Is Daithi the one to bring sex factor back to the Rose?
Gay Byrne had it. Ryan Tubridy had it. Marty Whelan had it. Derek Davis had it. Ray D'Arcy had it. So, exactly what is 'It'? Why, the job of host at the Rose of Tralee, of course, which -- if you measure success by audience figures alone -- is one of the most successful programmes on RTE and a job most male presenters in Montrose would grab with both hands.
Last year, a staggering 885,000 viewers tuned to see London contestant Charmaine Kenny crowned the 51st Rose after two long, hot nights under the Festival Dome in the bustling Kerry town.
But nothing remains the same forever, and Ray D'Arcy has now passed the tux and the microphone on to 33-year-old Daithi O Se. To be honest, it was about time for a change.

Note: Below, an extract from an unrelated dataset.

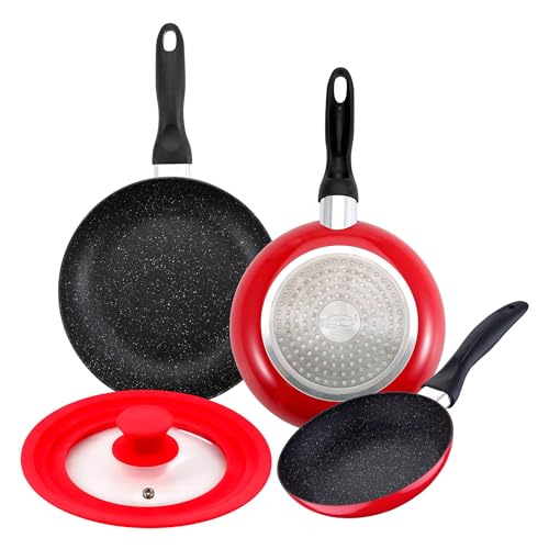 RIOVARM Non-stick beläggning stekpannor set induktion panneset med värmebeständigt handtag, granit, omelettpanna utan PFOA marmor köksredskapsset lämplig för olika typer av spisar 20 cm 24 cm 28 cm

Stay in a job too long, especially on TV, and you begin to look a bit bland.
Given that D'Arcy already has a headstart in the blandness stakes (as a friend of mine memorably put it, he's so bland you wonder if he even dreams at night), now is the right time to move on.

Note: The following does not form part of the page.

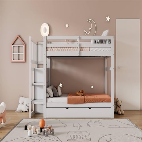 Superposé Triple Lit avec Étagères, 4 Tiroirs, Structure Rob...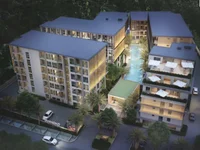 Die Anlage verfügt über 295 innovativ gestaltete Wohnhäuser mit 1-2 Schlafzimmern und Penthäusern mit 2-4 Schlafzimmern, mit voll ausgestatteten Wohnräumen, einschließlich Gourmetküchen, luxuriösen Bädern und geräumigen privaten Terrassen mit 2.000 qm kurortartigen tropischen Landschaften und Wasser-Features.

I'm no great fan of the Rose of Tralee, but even a cynic like me can see that Daithi O Se is the ideal man for the job -- a pretty much perfect fit. For one thing, he's from Kerry, which is a distinct advantage. In fact, he's first Kerryman ever to host the competition, which, when you think about it, is quite incredible, given Kerry people's legendary partisan nature.

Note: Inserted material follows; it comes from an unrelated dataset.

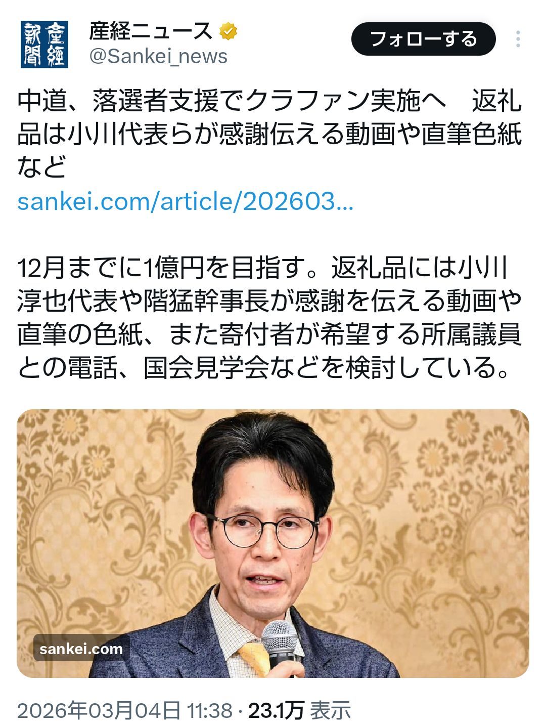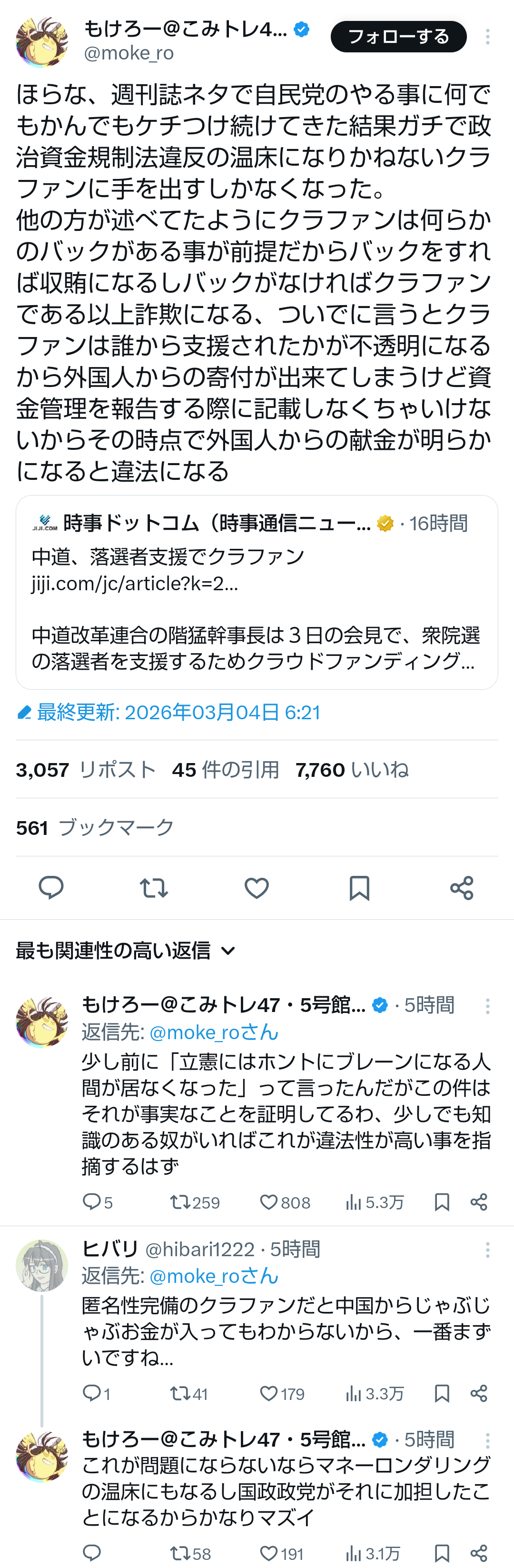 | … | 914無題Name名無し 26/03/05(木)07:49:11No.785238そうだねx1クラファン自体が寄付金扱いだとしても外国人が寄付しても区別出来ない匿名性にクラファンプラットフォーム業者への手数料が利益供与や贈収賄に与えるかのグレーゾーン等素人考えだけでも問題点が複数個即出て来る程度には政治資金に活用する手段として不適当な点が多過ぎるよねぇ・・・ |

For another, he brings something new to the job: he's an absolute wow with the women -- a distinct advantage in a competition whose main feature is women in all their wonderful varieties.
Apparently, Daithi oozes sex appeal (which is not something you can easily say of his predecessors). I say apparently because, frankly, I've never been able to see it myself.
Then again, I'm not a woman, I'm a heterosexual man. Whatever voodoo sex laser beams Daithi is firing from those twinkling Kerry eyes of his are not aimed at me.
My wife, on the other hand, IS a woman, yet she can't see it either. The mention of Daithi's name doesn't cause her lip to curl like a quaver in the same way that, say, Daniel O'Donnell's does. Nonetheless, on her league table of lust, Daithi is in the relegation zone.
That said, appointing Daith is a good move and should give a fresh twist to a competition that has done its utmost over the decades to eliminate sex from the equation. Daithi, to quote Justin Timberlake, is bringing sexy back.